» TASK DESCRIPTION
Repeat each line of the data below exactly, but skip the pictures.

** DATASET EXTRACT follows **

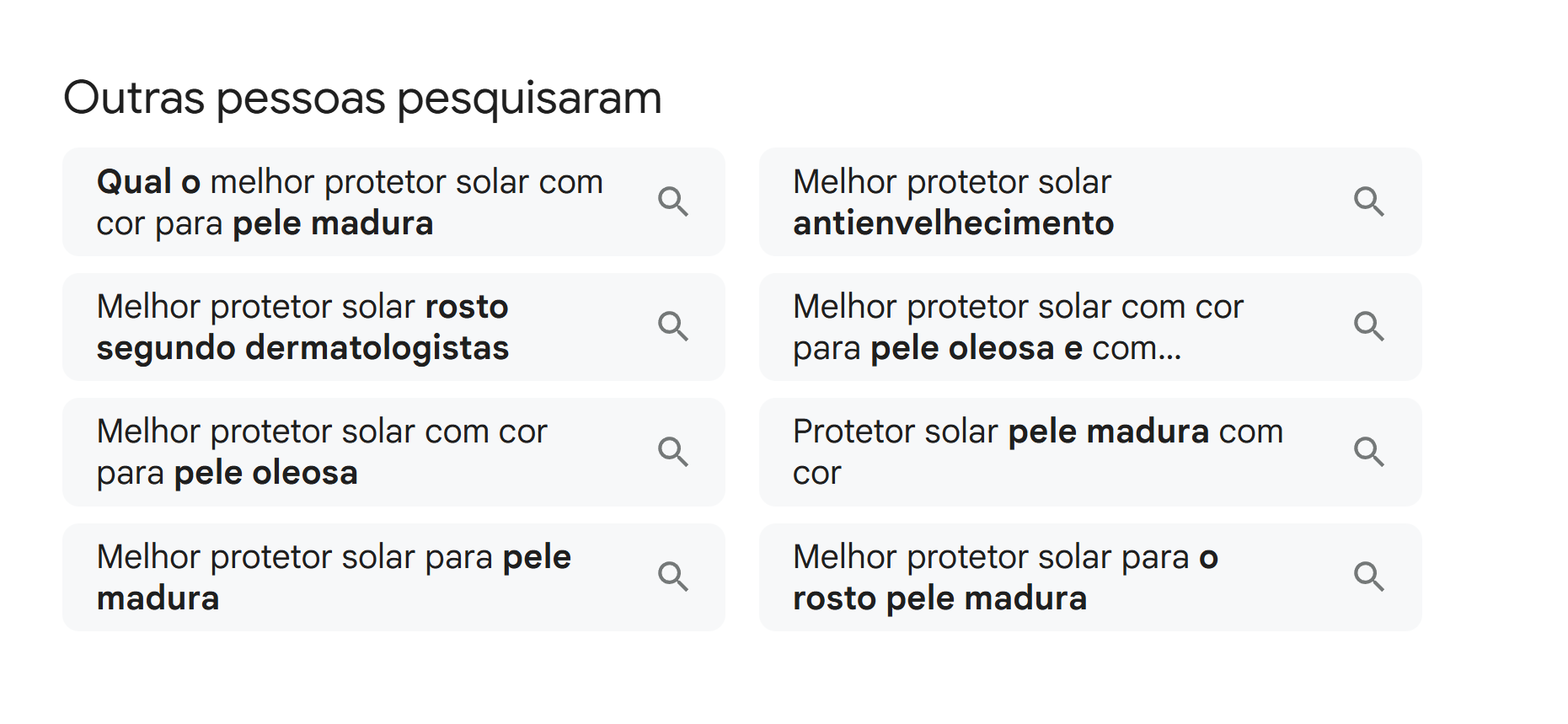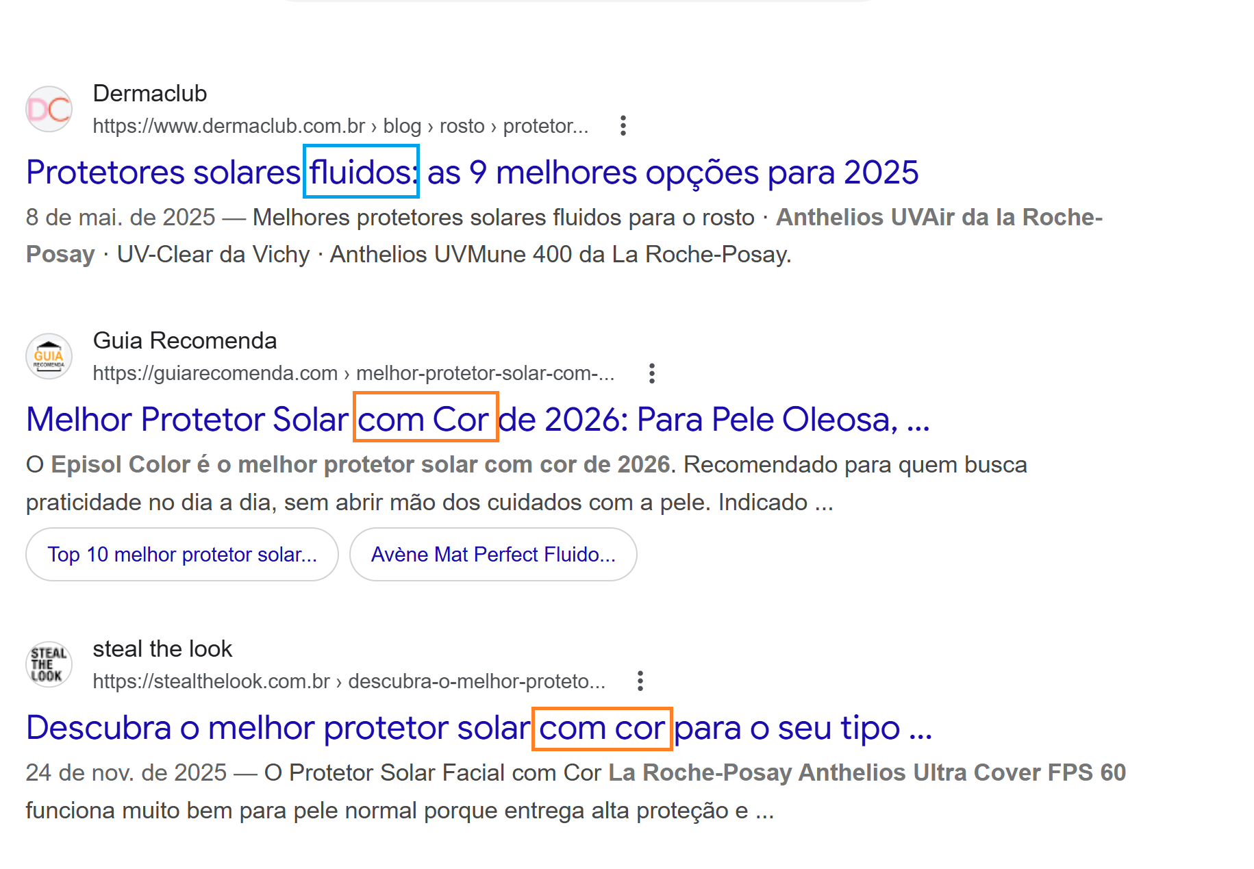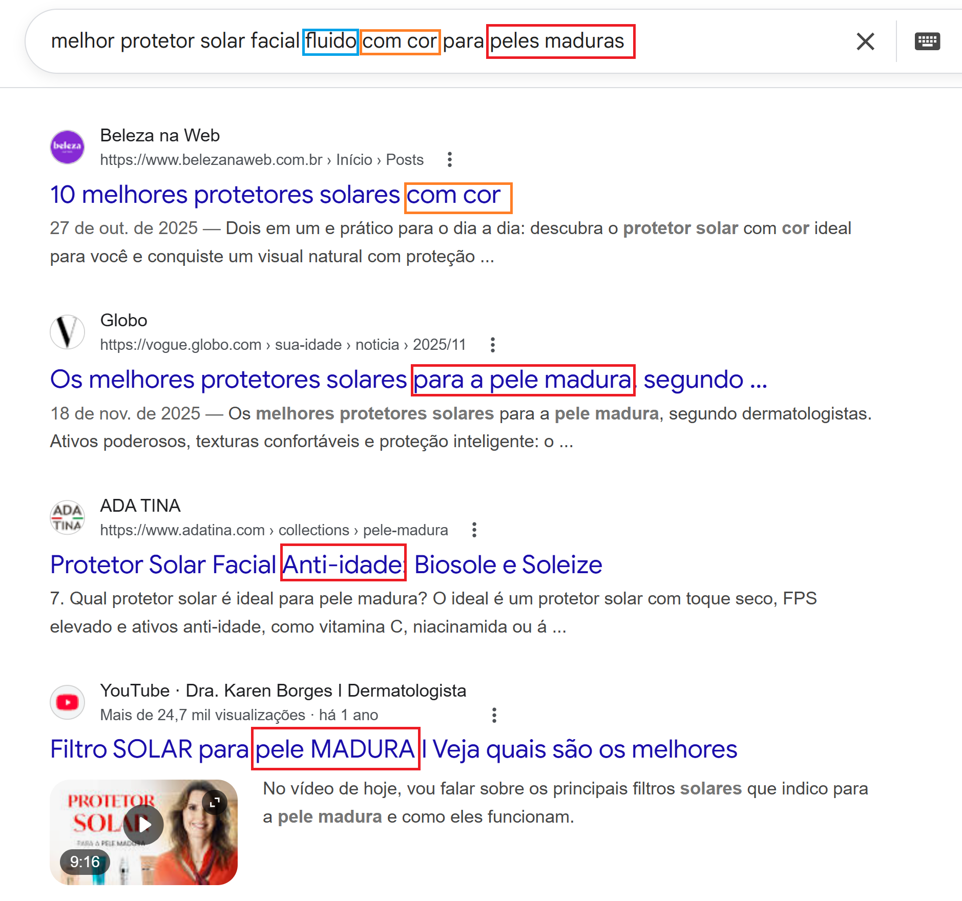 Lembra da query “melhor protetor solar facial fluido com cor para peles maduras”, que usamos como exemplo?
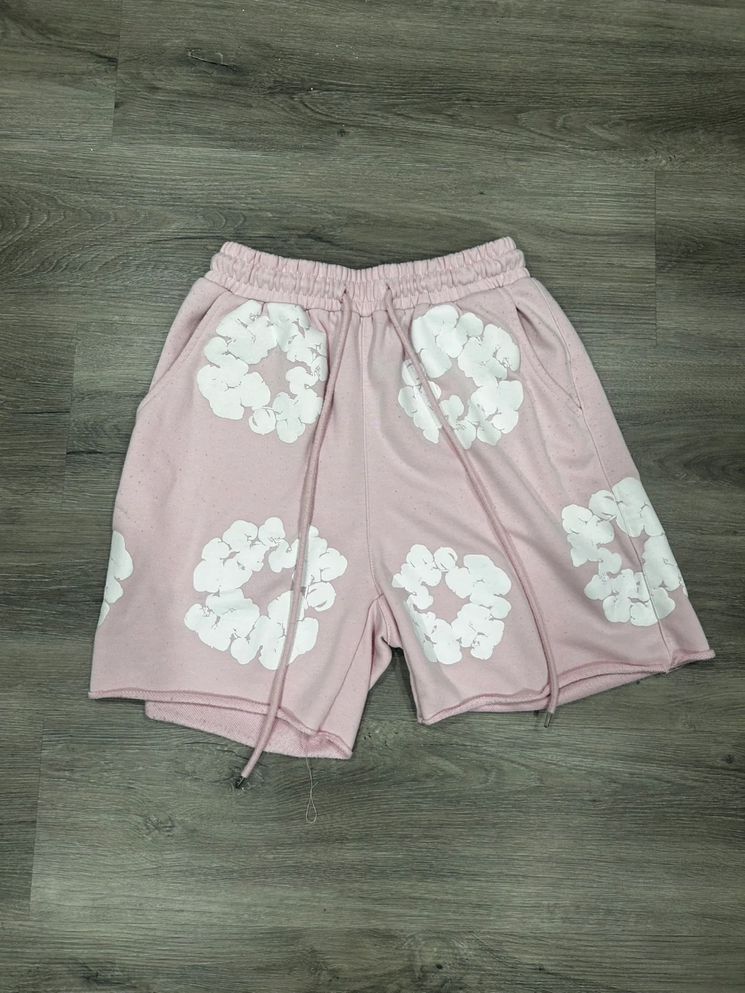 These are a pair of Denim Tears shorts in a light pink colour. They feature a floral design and are a size small. Great for casual wear! they are used
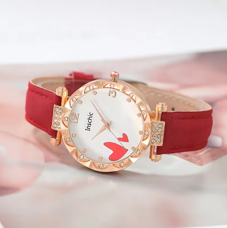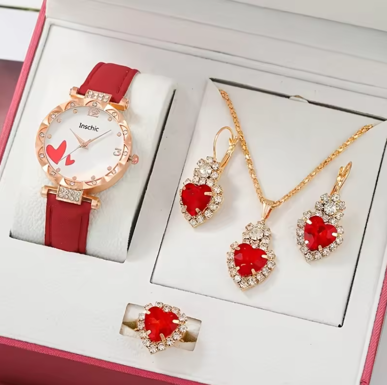 Setul pentru dama este format din ceas, inel, colier si cercei asortati. Ceasul are un cadran de dimensiuni potrivite, cu un design simplu și elegant, însoțit de o brățară de piele ecologică roșie pentru a crea un aspect plin de culoare și stil. Colierul are un pandantiv frumos, care poate adăuga o notă de eleganță ținutei voastre.

** End of DATASET EXTRACT **

» ANSWER FOR THIS EXERCISE
 Lembra da query “melhor protetor solar facial fluido com cor para peles maduras”, que usamos como exemplo?
 These are a pair of Denim Tears shorts in a light pink colour. They feature a floral design and are a size small. Great for casual wear! they are used
 Setul pentru dama este format din ceas, inel, colier si cercei asortati. Ceasul are un cadran de dimensiuni potrivite, cu un design simplu și elegant, însoțit de o brățară de piele ecologică roșie pentru a crea un aspect plin de culoare și stil. Colierul are un pandantiv frumos, care poate adăuga o notă de eleganță ținutei voastre.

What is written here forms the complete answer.